Galicia town votes to keep mayor who said Franco victims “deserved it”
Popular Party council chief may still be removed from his post as Lugo provincial representative

The mayor of Baralla, a small town in Lugo (Galicia), will not be stepping down from his post, despite having said that those who were condemned to death during the Franco dictatorship “would have deserved it.”
In a meeting on Thursday morning, the councilors in Baralla voted eight-to-three in favor of keeping Mayor Manuel González Capón in his job.
The eight votes in the mayor’s favor all came from his own Popular Party (PP) group, while the three votes calling for him to stand down came from the Galician Nationalist Bloc (BNG) and the Socialist Party.
Inside the council building dozens of people turned out in support of the PP mayor, but outside a crowd of around 100 people were calling for him to resign.

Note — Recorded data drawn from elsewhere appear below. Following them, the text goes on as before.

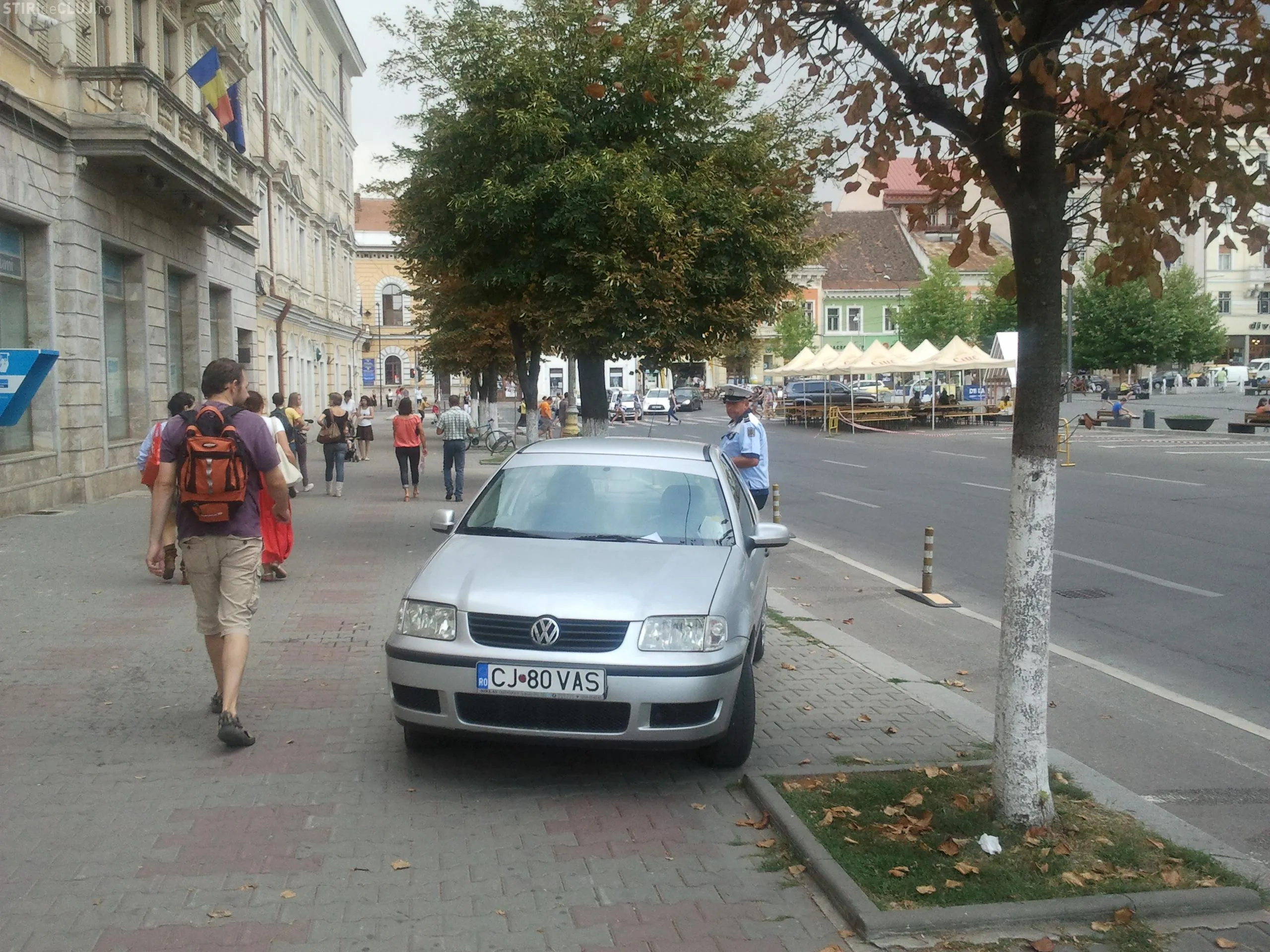 Un astfel de caz a fost surprins în fața sediului BRD, din Piața Unirii, unde un șofer a urcat pe bordura de 20 de centimetri. Un polițist local nu l-a iertat și i-a aplicat o amendă de 400 de lei.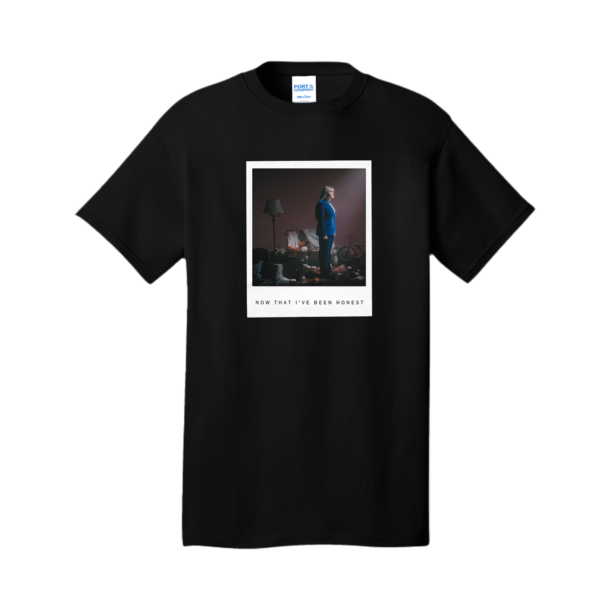 Premium unisex black t-shirt featuring the Now That I’ve Been Honest Polaroid photo on the front.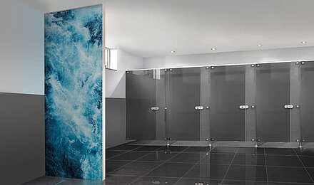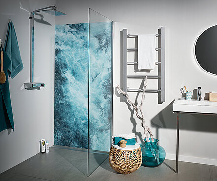 Tatsächlich eignet sich Glas sehr gut für die Verwendung im Nassbereich. Das Material ist robust, pflegeleicht und edel. Wandpaneele aus Glas sind auch praktischer als Fliesen: Durch die großflächigen Maße können diese nahezu fugenlos auf die Wand aufgebracht werden. Dadurch entstehen großflächige Wandbilder ohne Unterbrechung, die dank ihrer glatten Oberfläche auch noch leicht zu reinigen sind.

At one point, the mayor asked the Civil Guard to remove a group of protesters carrying photos of Franco’s victims from the council building.
Following the vote, the mayor said: “Although I am not proud of what I said, let’s be clear about that, I feel grateful for the support, which is giving me the will and the strength to keep working.”
In the face of the Socialists’ warning that all those who support him are “Francoists,” González replied: “They know me and they know that it was something that got out of hand and out of context. However, it was badly phrased.”
In September, Lugo council will debate whether González Capón should resign as a provincial representative. The Socialist spokesman for Baralla, Manuel Pérez, said that “it is now the Lugo Socialist group that should take measures to secure his resignation from the provincial body.”